0

I'm learning RegEx in Python and have faced this problem. Assume I have a variable called s:

>>>print(repr(s))
'HTML elements include\n\n* headings\n* paragraphs\n* lists\n* links\n* and more\n\nTry it!!!'

I want to match '* headings\n* paragraphs\n* lists\n* links\n* and more\n' part of s (start with *, end with \n, happen as much as possible), so my code is:

>>>print(re.findall(r'(\*.+?\n)+', s))
['* and more!\n']

I don't understand why just the last pattern is matched. But when I use re.sub() instead, the whole pattern is replaced.

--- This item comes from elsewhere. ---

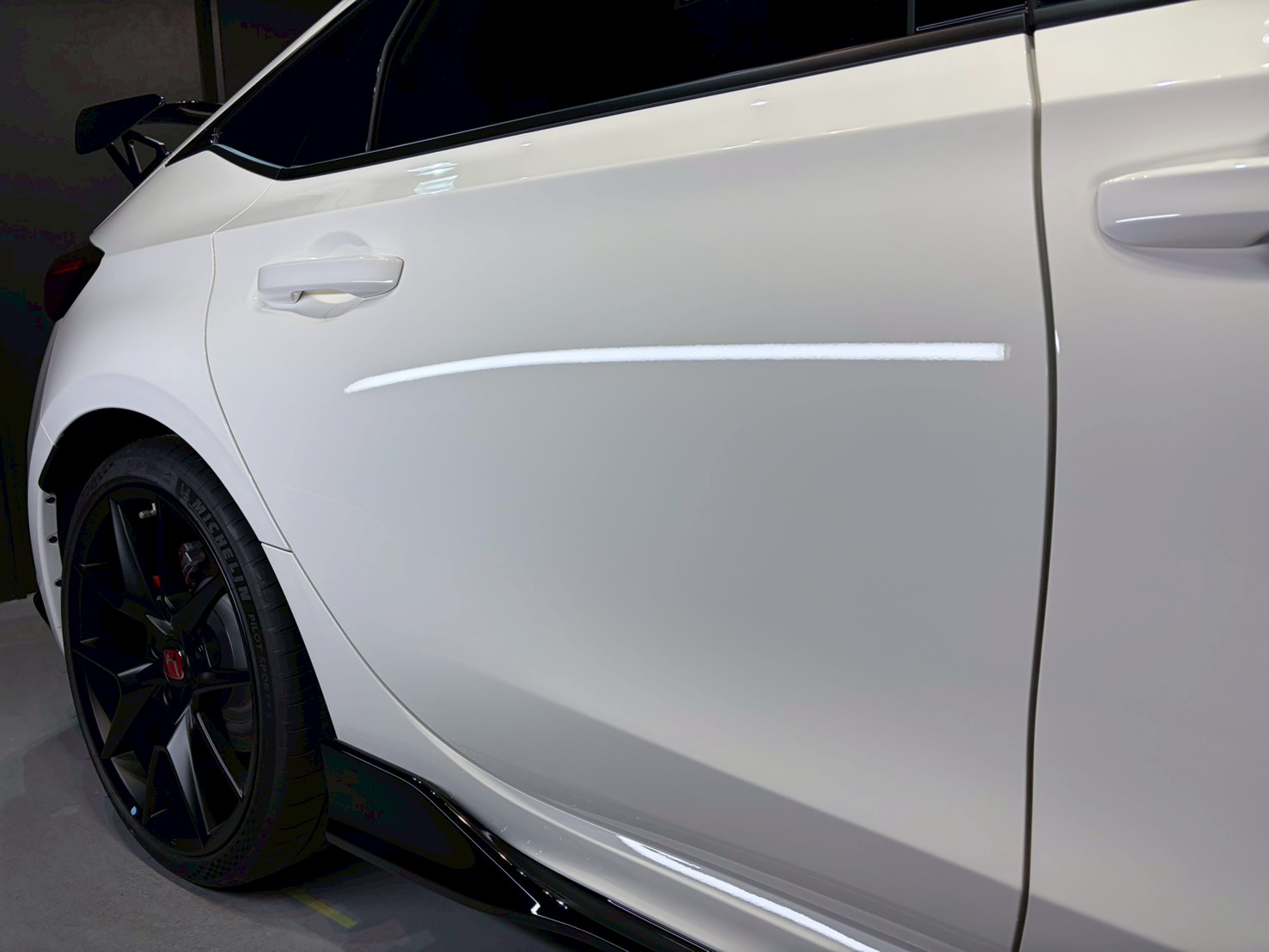 通常のホワイトに比べキレイに維持する事が難しく、施工前の鏡面研磨とガラスコーティングが必須でございます。

>>> print(re.sub(r'(\*.+?\n)+', 'text', s))
HTML elements include

text
Try it!!!

This shows that the re.sub() matches the right pattern I want. So I'm really confused why I get this. Thanks for your time.

Khai Hoan Pham
  • 86
  • 1
  • 2
  • 7
  • 1
    `re.findall()`, when given a pattern that contains a single capturing group, *returns only that group for each match* - on the assumption that you wouldn't have defined a capturing group if you weren't particularly interested in its contents. And a capturing group with a repetition operator applied to it only captures the final repetition. Instead of `(`...`)`, try a non capturing group: `(?:`...`)`. – jasonharper Sep 25 '20 at 02:41
  • @jasonharper Thanks very much. It helps. I didn't read the docs carefully. – Khai Hoan Pham Sep 25 '20 at 05:31

1 Answers1

0

The following regex matches what you want to achieve:

import re

desired_output = r'* headings\n* paragraphs\n* lists\n* links\n* and more\n'

s = r'HTML elements include\n\n* headings\n* paragraphs\n* lists\n* links\n* and more\n\nTry it!!!'

pattern = re.compile(r'n(\*.+)\\')

match = re.search(pattern, s).group(1)
print(match)

assert match == desired_output
Jose Mir
  • 78
  • 7